## EXERCISE GOAL
Only the lines from the one holding "テキストボックスにダウンロードしたい動画のURLを入力し、「分析」をクリック。" through the end of the records below are to be reproduced exactly, and pictures are to be omitted.

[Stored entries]
# # # # #
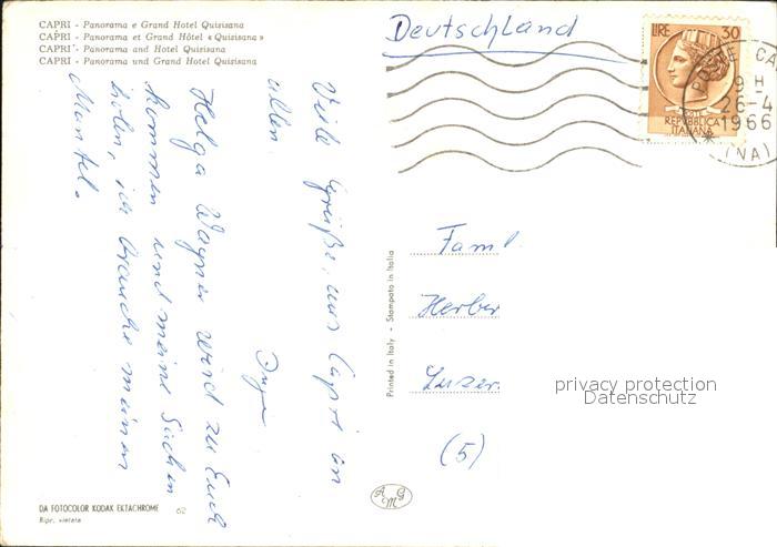 old postcard Capri Panorama e Grand Hotel Quisisana postalisch gelaufen Erhaltung siehe scans
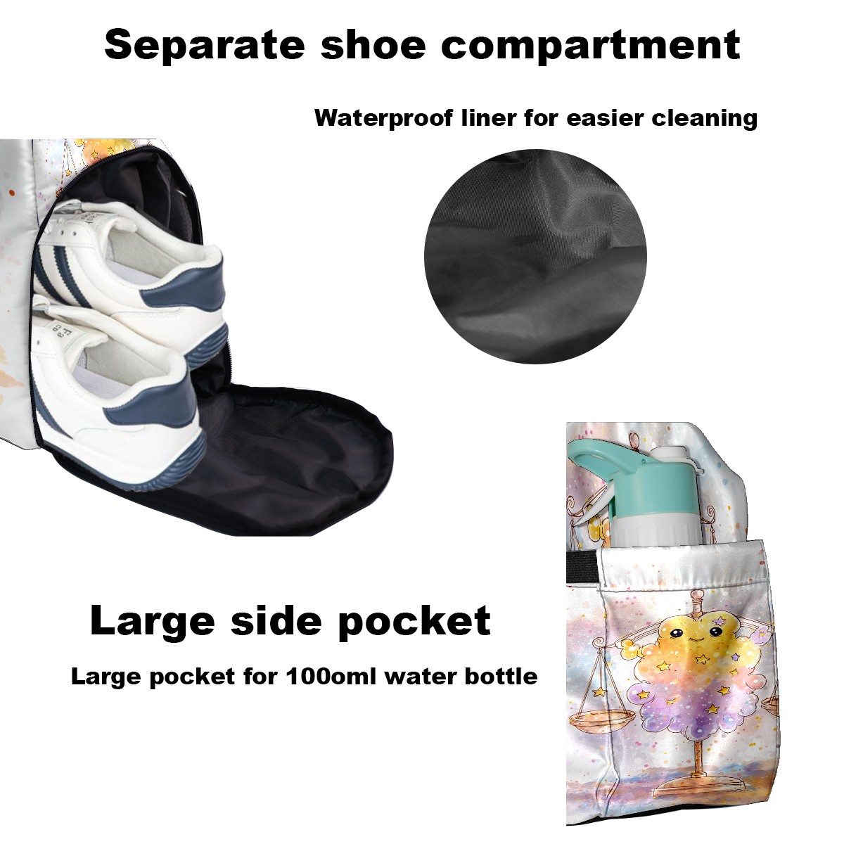 Large Gym Bag with Shoe Compartment, Water-Resistant Duffle Bag for Men and Women, Libra_LavenderPurple Sports Tote for Workout Travel
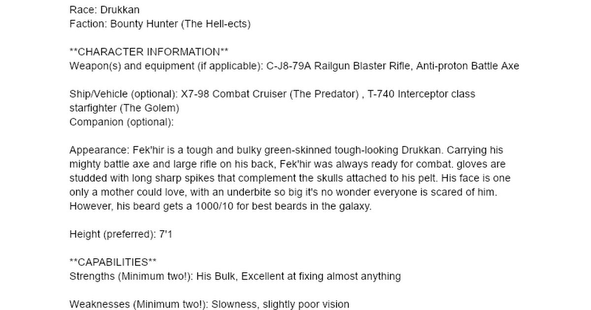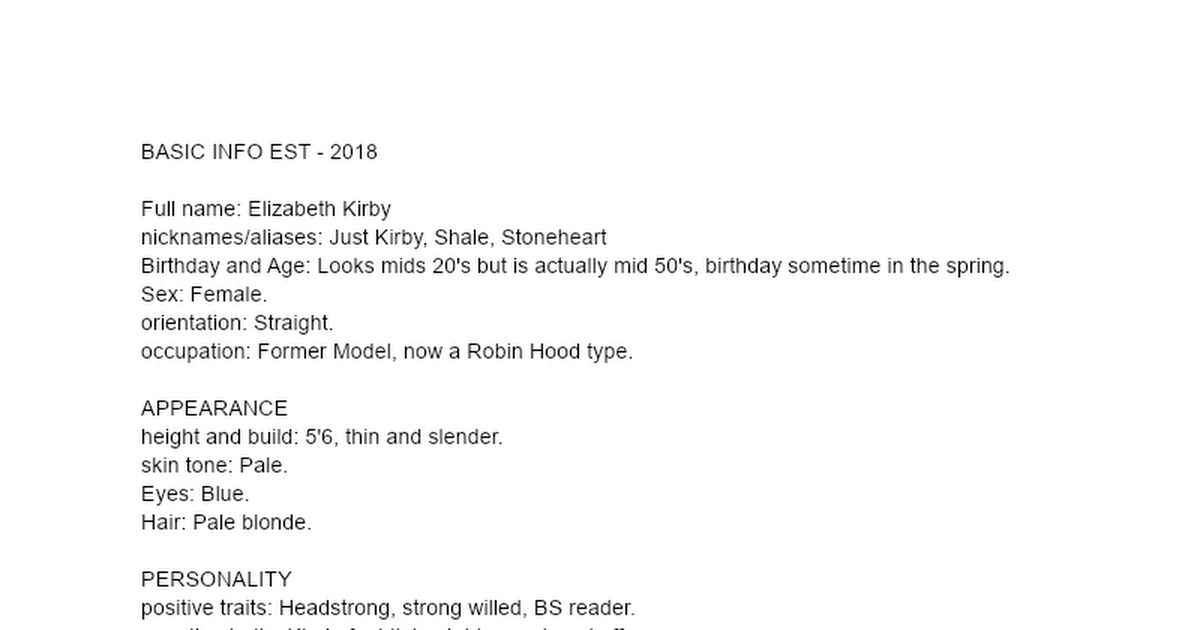 - Weaknesses: Gullible, ?Gentle?, Reckless
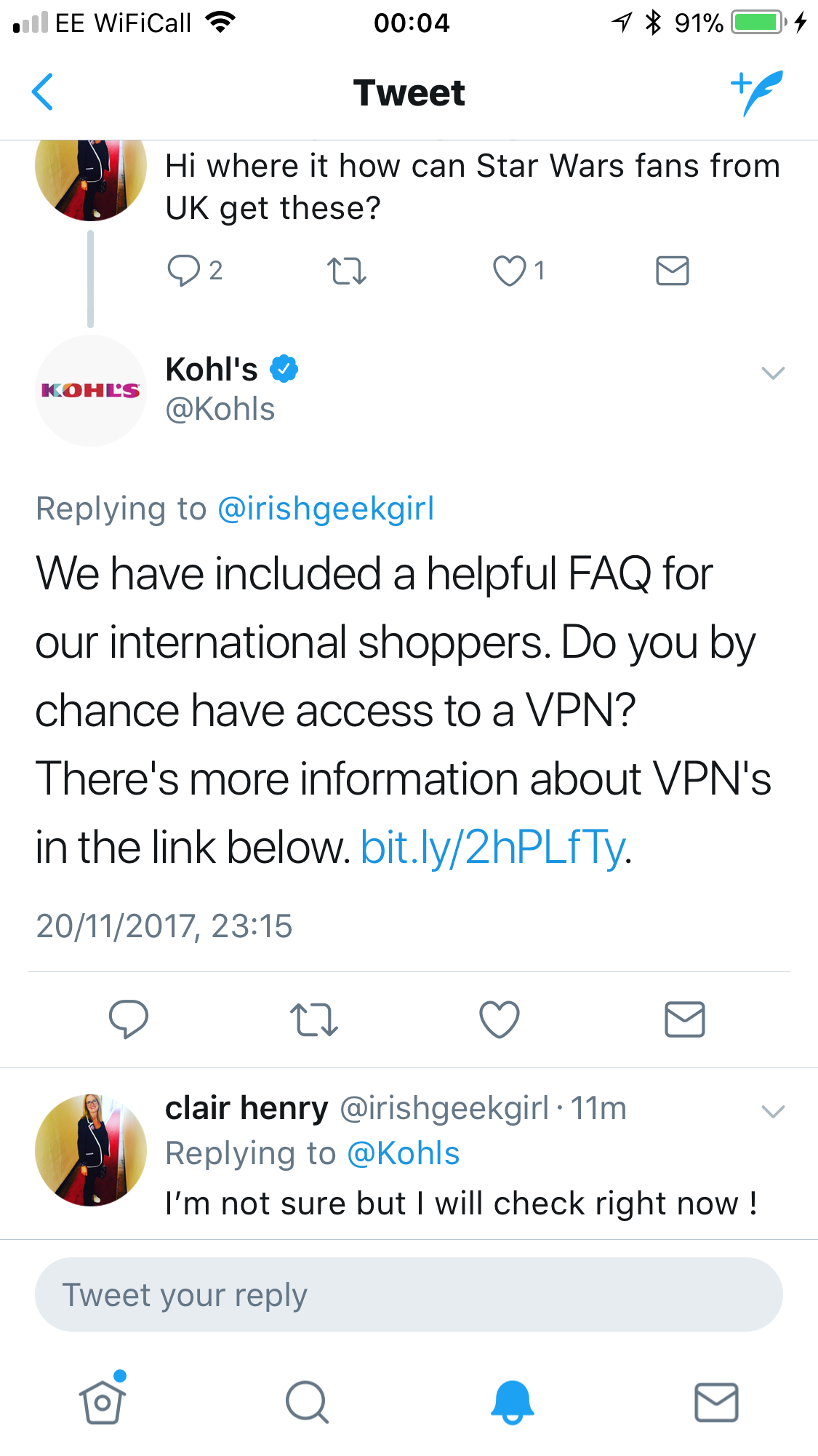 The GREAT news is the range will be available online for international shipping but if you can’t wait that long you can order via a VPN. However please read Kohls FAQ about VPNs before deciding to purchase via this route.
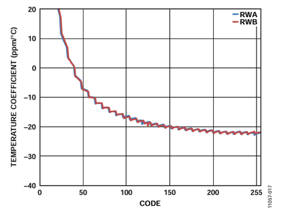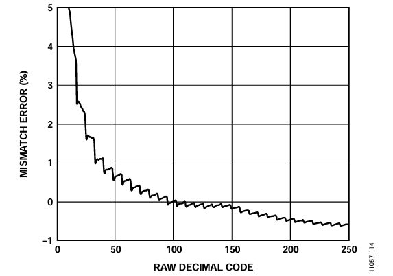 Figure 14 shows an example of sweeping RAW from zero scale to full scale, fixing RWB at midscale for a 10 kΩ digipot. Analyzing the plot in detail, at lower codes when the resistances, RAW or RWB, are small, the mismatch becomes higher than ±1%. This is due to an error added by the non-negligible effect in the internal CMOS switches resistance.
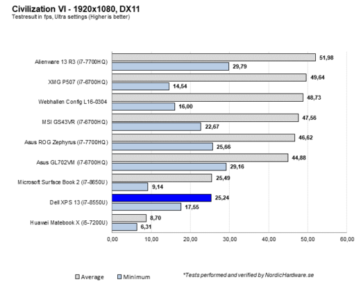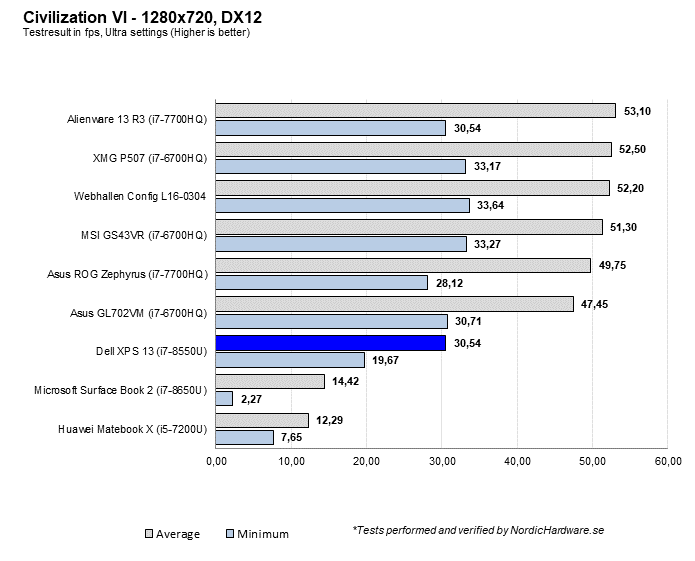 I 720p-upplösningen når XPS 13 upp till 30 FPS-gränsen men vi skulle inte kalla det för spelbart utan här behövs dedikerad grafik för att kunna njuta av spelupplevelsen.
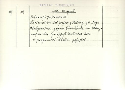 | Benutzungsort | Fürstliches Archiv zu Sayn-Wittgenstein-Hohenstein | |||||||
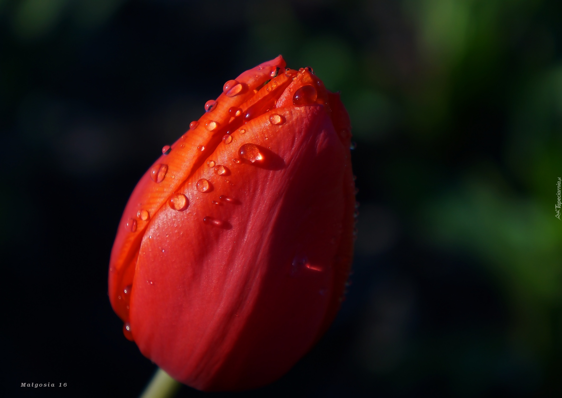 Edytor tapety: Czerwony, Kwiat, Tulipan, Krople
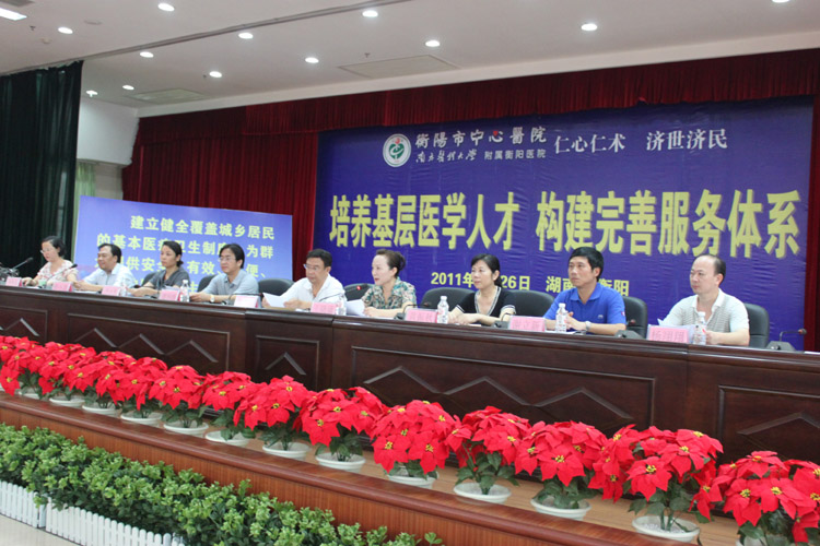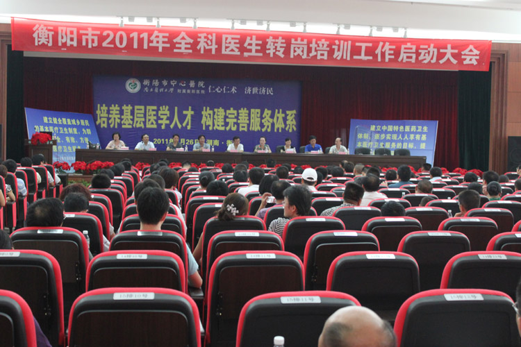 7月26日,衡陽市2011年度全科醫(yī)生轉(zhuǎn)崗培訓(xùn)啟動儀式在衡陽市中心醫(yī)院隆重舉行,這標志著我市2011年度實施“一對一”模式的全科醫(yī)生轉(zhuǎn)崗培訓(xùn)工作正式啟動。市政協(xié)副主席李慧星和市衛(wèi)生局有關(guān)領(lǐng)導(dǎo)出席會議,各縣(市、區(qū))衛(wèi)生局分管負責人、基地(衡陽市中心醫(yī)院)領(lǐng)導(dǎo)和所有職能科室及業(yè)務(wù)科室負責人、基地60名指導(dǎo)老師和2011年度參加受訓(xùn)的120名來自鄉(xiāng)鎮(zhèn)衛(wèi)生院和社區(qū)衛(wèi)生服務(wù)機構(gòu)的培訓(xùn)對象共300余人參加了啟動儀式。
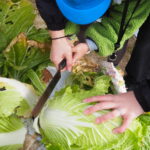 キッズファーム(農業体験)で冬野菜の収穫をしました。秋に種まきをした野菜が、立派に生長していてみんな大喜びでした。収穫した野菜は、鍋にしていただきます。
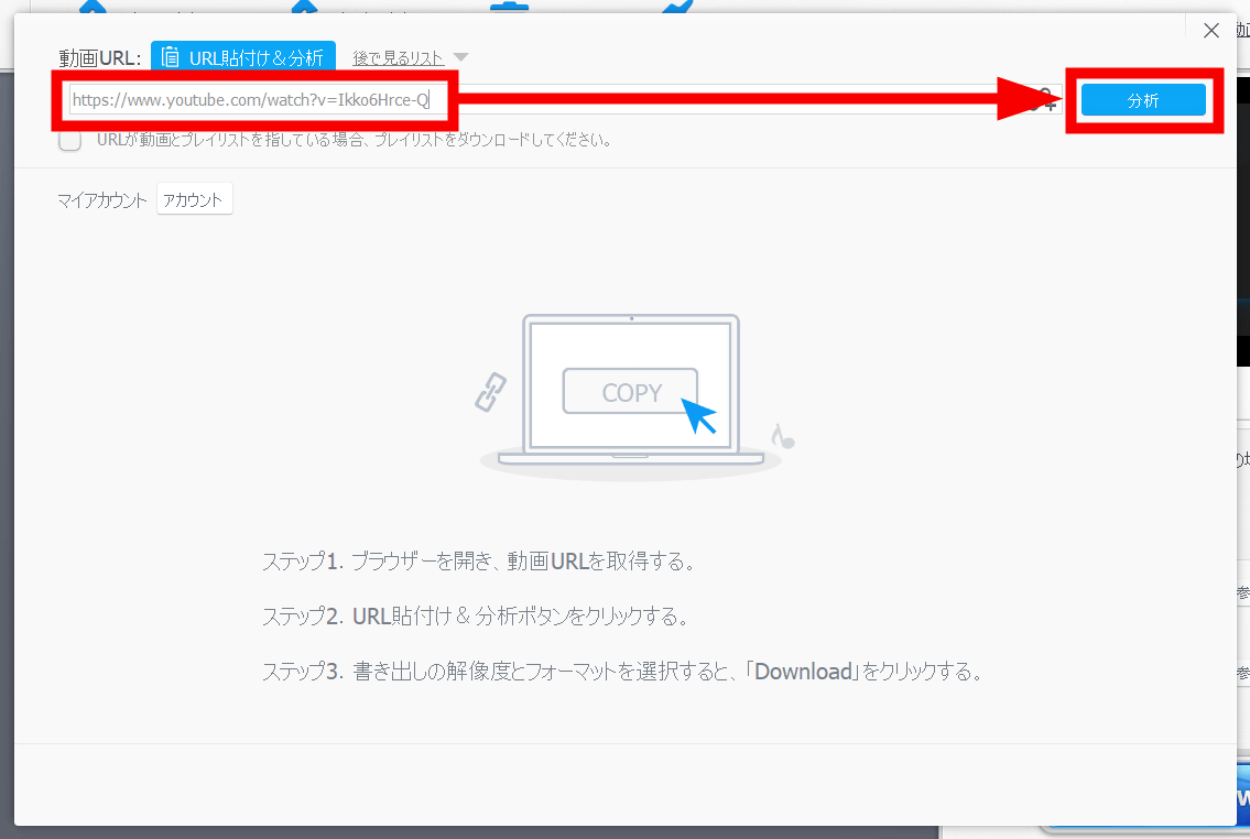 テキストボックスにダウンロードしたい動画のURLを入力し、「分析」をクリック。
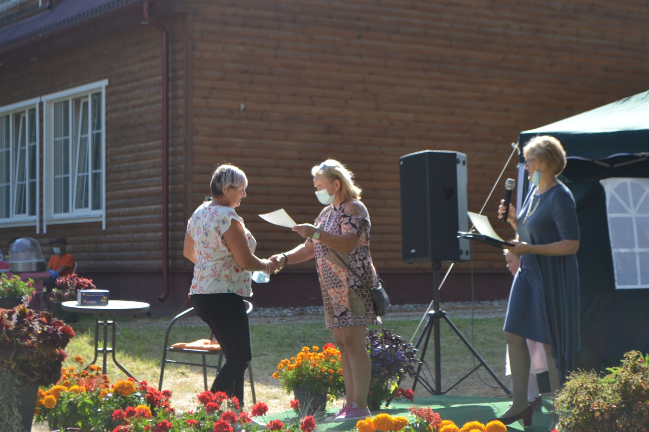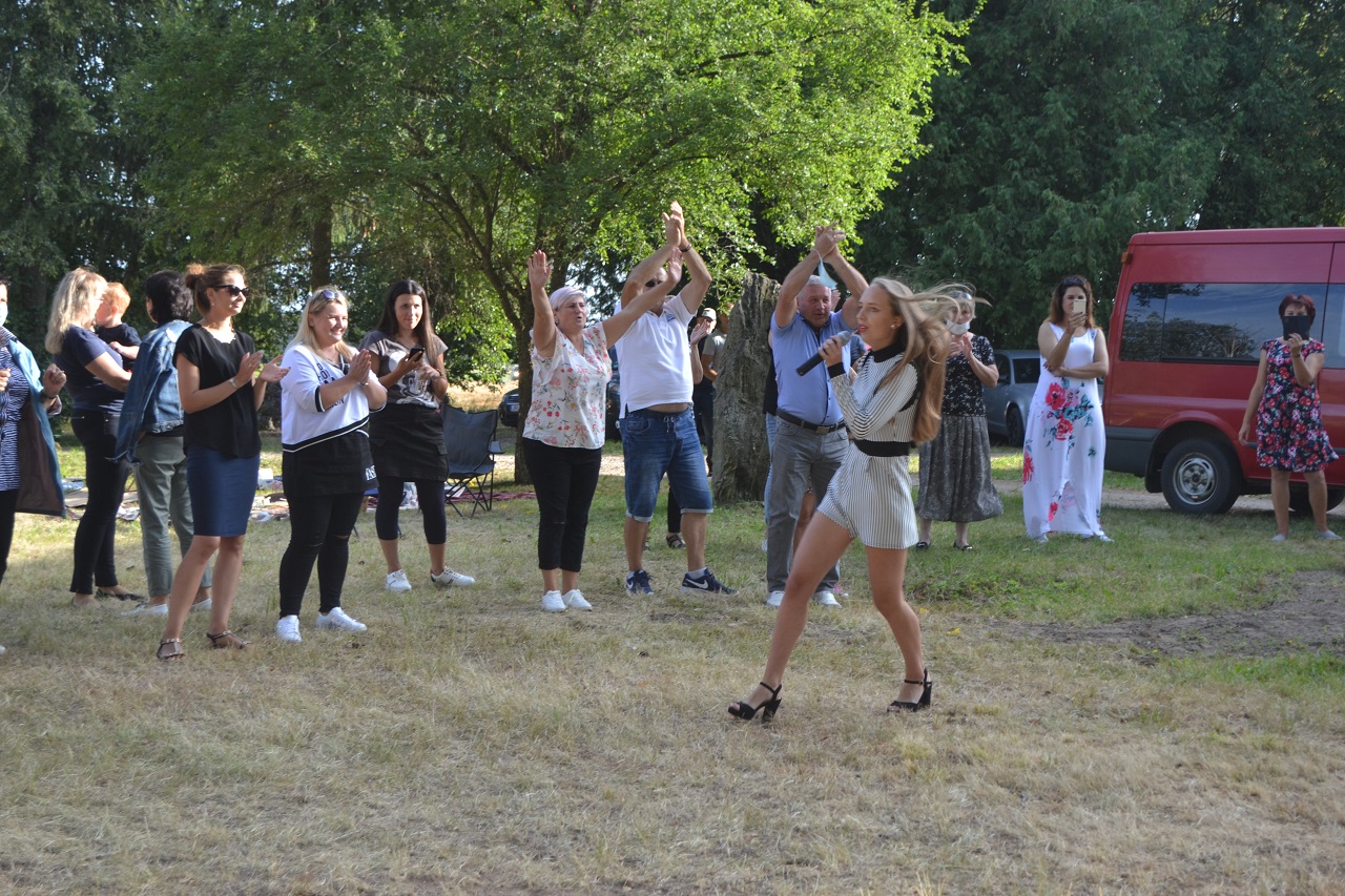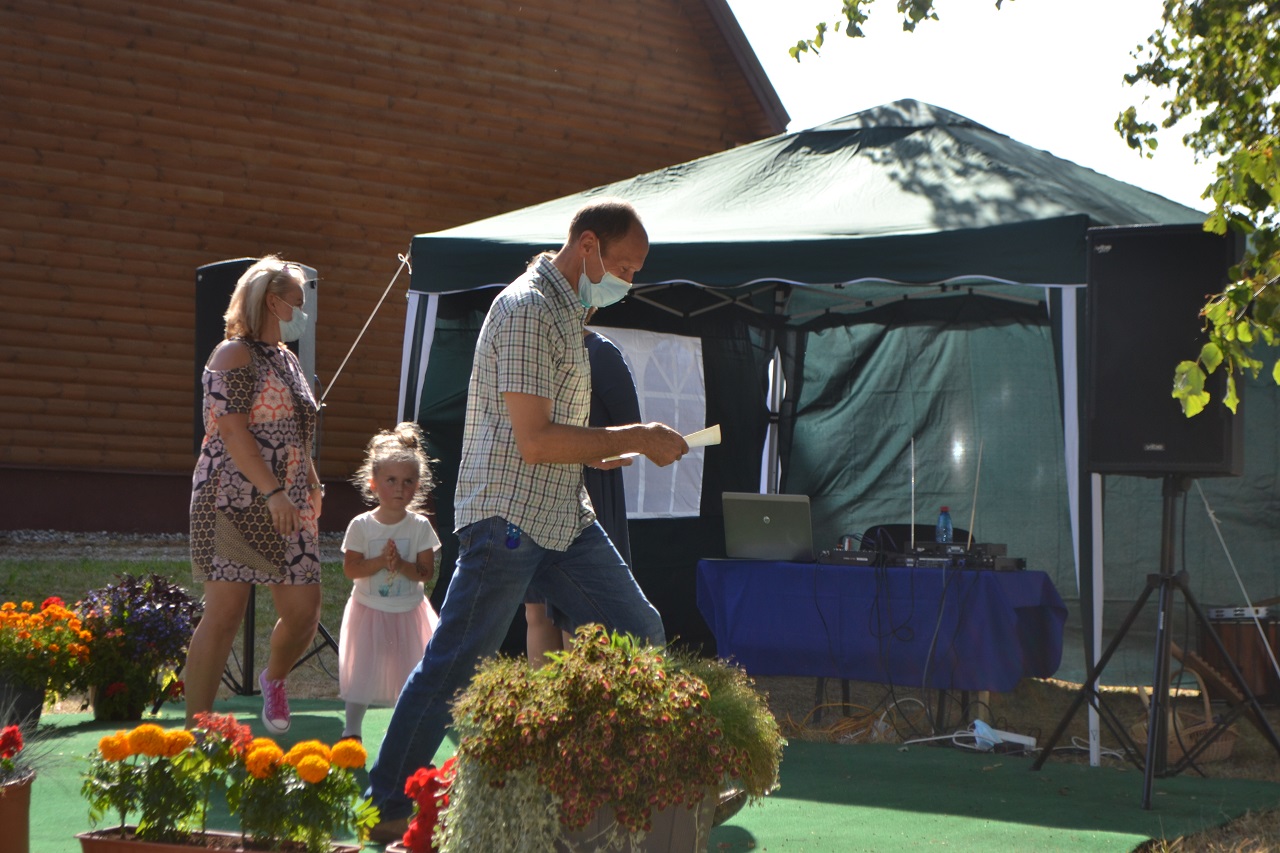 Avižonių kaimo kapela muzikos garsais sukvietė visus arčiau scenos. Bendruomenės pirmininkė Danguolė Lapinskienė praneša bendruomenės narių sprendimą. Jai atsistatydinus iš pareigų bendruomenės pirmininku išrinktas Vidmantas Mateika (apie tai jau rašėme https://www.krastozinios.lt/2020/08/24/04/49/avizoniu-kaimo-bendruomenes-pirmininku-tapo-vidmantas-mateika/).
# # # # #
## SOLUTION FOR THIS EXERCISE
 テキストボックスにダウンロードしたい動画のURLを入力し、「分析」をクリック。
 Avižonių kaimo kapela muzikos garsais sukvietė visus arčiau scenos. Bendruomenės pirmininkė Danguolė Lapinskienė praneša bendruomenės narių sprendimą. Jai atsistatydinus iš pareigų bendruomenės pirmininku išrinktas Vidmantas Mateika (apie tai jau rašėme https://www.krastozinios.lt/2020/08/24/04/49/avizoniu-kaimo-bendruomenes-pirmininku-tapo-vidmantas-mateika/).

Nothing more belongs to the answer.